--- THE TASK ---
In this exercise, print only the lines of the records below from the one with "Su potencia de" through the one with "Describes a media", inclusive. Pictures are not part of the copy.

--- WORKING DATA ---
----------------------------------------

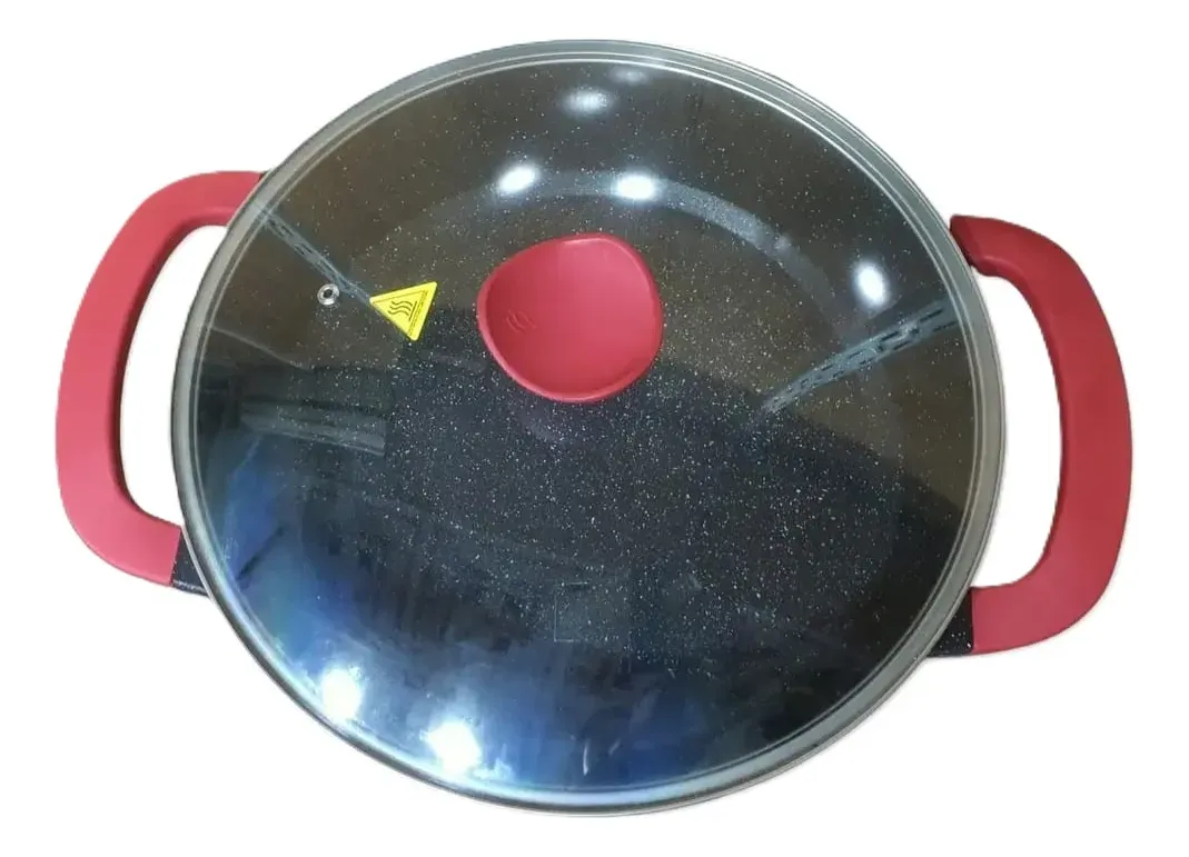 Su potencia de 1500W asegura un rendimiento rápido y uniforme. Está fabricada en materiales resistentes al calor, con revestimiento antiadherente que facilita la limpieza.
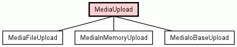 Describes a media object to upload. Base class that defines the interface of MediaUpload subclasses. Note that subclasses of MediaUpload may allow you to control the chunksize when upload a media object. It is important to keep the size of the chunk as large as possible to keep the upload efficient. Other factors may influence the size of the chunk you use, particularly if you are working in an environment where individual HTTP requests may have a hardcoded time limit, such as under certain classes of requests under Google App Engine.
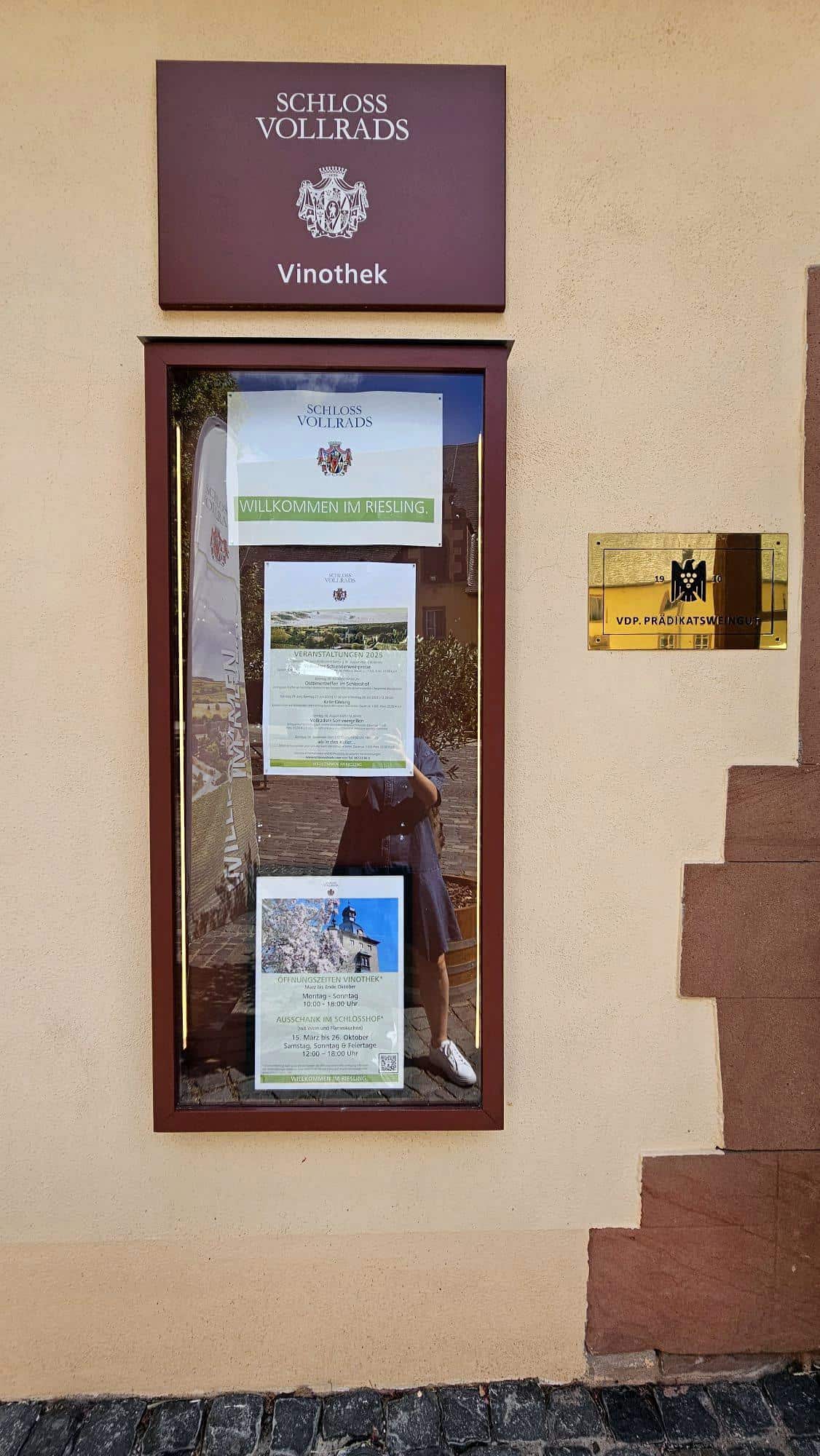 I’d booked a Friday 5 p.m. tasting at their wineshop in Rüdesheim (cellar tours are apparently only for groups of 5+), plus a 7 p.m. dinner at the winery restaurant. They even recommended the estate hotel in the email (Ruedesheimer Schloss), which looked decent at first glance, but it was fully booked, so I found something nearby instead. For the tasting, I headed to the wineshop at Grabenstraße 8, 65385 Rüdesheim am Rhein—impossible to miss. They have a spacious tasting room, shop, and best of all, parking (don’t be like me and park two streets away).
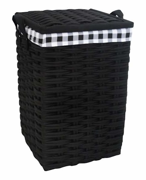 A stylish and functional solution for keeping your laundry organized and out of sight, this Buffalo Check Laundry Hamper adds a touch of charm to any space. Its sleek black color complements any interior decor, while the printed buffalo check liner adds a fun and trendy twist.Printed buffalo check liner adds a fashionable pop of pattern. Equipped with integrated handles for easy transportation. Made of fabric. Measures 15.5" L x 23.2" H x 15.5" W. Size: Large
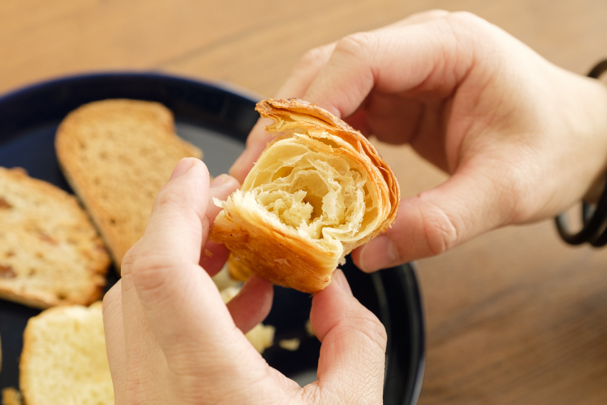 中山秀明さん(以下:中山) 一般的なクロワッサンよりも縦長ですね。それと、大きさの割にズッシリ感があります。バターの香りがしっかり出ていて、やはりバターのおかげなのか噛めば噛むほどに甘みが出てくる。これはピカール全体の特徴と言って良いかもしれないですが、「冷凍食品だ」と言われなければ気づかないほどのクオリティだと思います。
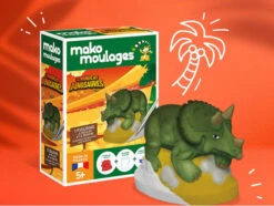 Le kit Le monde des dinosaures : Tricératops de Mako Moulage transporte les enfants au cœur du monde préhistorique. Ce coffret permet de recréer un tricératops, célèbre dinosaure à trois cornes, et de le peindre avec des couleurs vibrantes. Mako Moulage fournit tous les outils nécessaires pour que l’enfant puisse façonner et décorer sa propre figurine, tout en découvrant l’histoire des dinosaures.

----------------------------------------

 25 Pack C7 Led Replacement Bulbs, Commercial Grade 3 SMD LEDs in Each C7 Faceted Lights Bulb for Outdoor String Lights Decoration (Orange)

----------------------------------------

--- OUTPUT FOR THIS EXERCISE ---
 Su potencia de 1500W asegura un rendimiento rápido y uniforme. Está fabricada en materiales resistentes al calor, con revestimiento antiadherente que facilita la limpieza.
 Describes a media object to upload. Base class that defines the interface of MediaUpload subclasses. Note that subclasses of MediaUpload may allow you to control the chunksize when upload a media object. It is important to keep the size of the chunk as large as possible to keep the upload efficient. Other factors may influence the size of the chunk you use, particularly if you are working in an environment where individual HTTP requests may have a hardcoded time limit, such as under certain classes of requests under Google App Engine.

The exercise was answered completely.